Five top tips to make ChatGPT safer
Even though there are many paths to ‘no’ and only one to ‘yes’, there will still be a lot of applications that get qualified as reasonable. But this will not make them safe. In order to have confidence in a ChatGPT-powered application, it is also suggested that the following steps are implemented.
- There should be no deception about what it is that users are interacting with. You cannot give informed consent if you are not informed. Saleema Amershi et al* have published excellent guidelines for interaction for AI systems. Importantly, these provide structure for considering interaction throughout the lifecycle of a user interaction. The guidelines cover how to make it clear to the user what they are interacting with and how to instruct them about what is expected of them. Amershi’s guidance extends throughout the interaction, managing failure and overtime as the system becomes ‘business as usual’.
- Users should have the option to not interact with the system. A real option – for example an alternative contact channel.
- There should be an impact assessment attached to every application. Put it on the website as you would a robots.txt file, or as you would add a licence to your source code. The Canadian AIA process offers a model for this sort of thing, but some fundamental questions are a good start. Who will it hurt if it works as intended? Who will be hurt if the chatbot goes wrong? Can anyone tell if the chatbot is going wrong, and can they stop it and repair the situation if it is?
- If your system could have an adverse effect on others, then there should be monitoring and logging of what the system is doing and how it is behaving. These should be maintained in such a way as to allow forensic investigation of the behaviour of the system, if required.

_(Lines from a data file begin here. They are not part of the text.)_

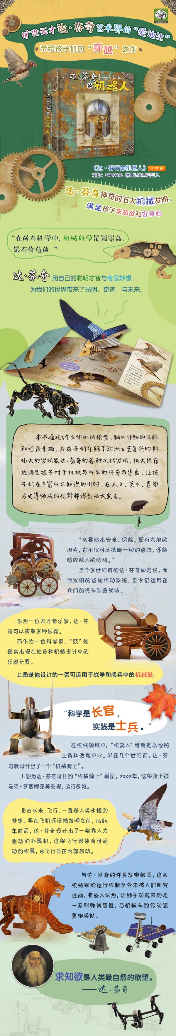 《达芬奇的机器人(立体书) 》括了达?芬奇设计的5个机械模型,立体的3D形象设计精巧绝伦,大大满足孩子对科学机械的好奇心和想象力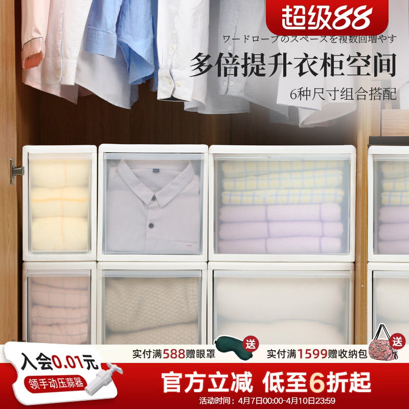 利快进口收纳箱日本抽屉式成衣内裤收纳盒家用塑料衣柜杂物整理箱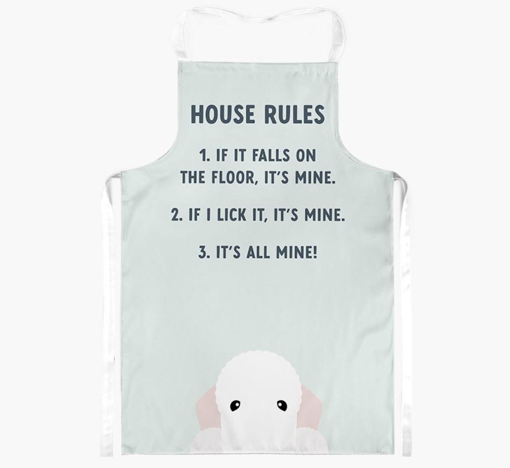 A fun way to show off your greedy pup, this stylish apron is personalized with your furry friend's icon and features their rules when it comes to food.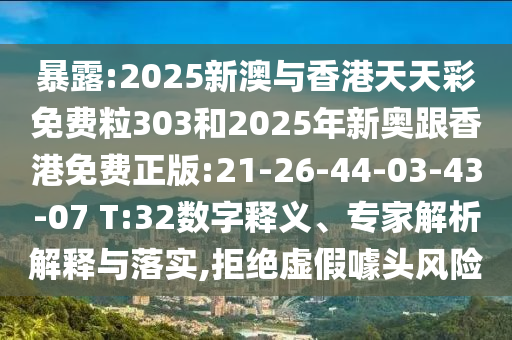 暴露:2025新澳與香港天天彩免費粒303和2025年新奧跟香港免費正版:21-26-44-03-43-07 T:32數字釋義、專家解析解釋與落實,拒絕虛假噱頭風險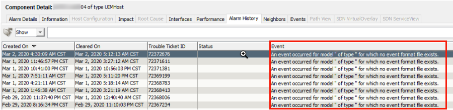 This has been seen with some UIM alarms but can happen for any alarms whose events are not being archived.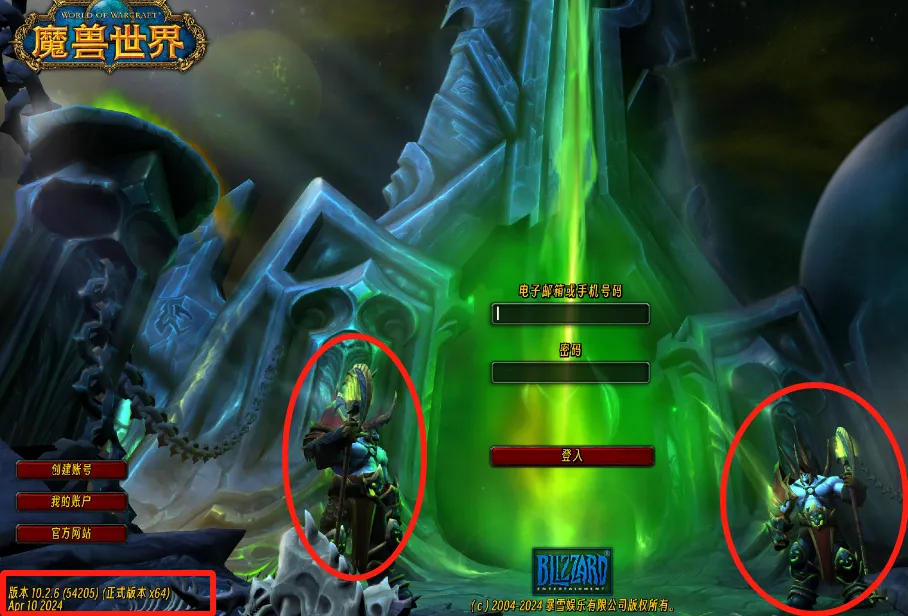 第一个信息是左下角的版本号为10.2.6版本,也是目前正式服最新版本,并且下面的日期也是2024年4月10日,也就是说在网易和暴雪官宣的同时,国服登录器界面就已经做好了。

- If you are not personally and directly responsible for the system, a clearly documented governance process should be developed and maintained. Part of this should describe how users can call for help, and how they can complain about the system. It should also describe what the processes around addressing user distress and complaints should be.
Potential for great value in many use-cases
In my new GFT thought leadership paper ‘Using ChatGPT safely’, I have laid out what the potential problems are with ChatGPT-based applications and some tactics for avoiding and mitigating them in practice. I hope that our community deepens and develops these approaches in the near future.
With the correct controls and processes, new large language models such as ChatGPT will provide great value in many use-cases, albeit with the essential controls and checks in place, to ensure users and end-users are protected from any misunderstanding.
*Amershi, Saleema. ‘Guidelines for Human-AI Interaction.’ CHI conference on human factors in computing systems. CHI, 2019. 1–13.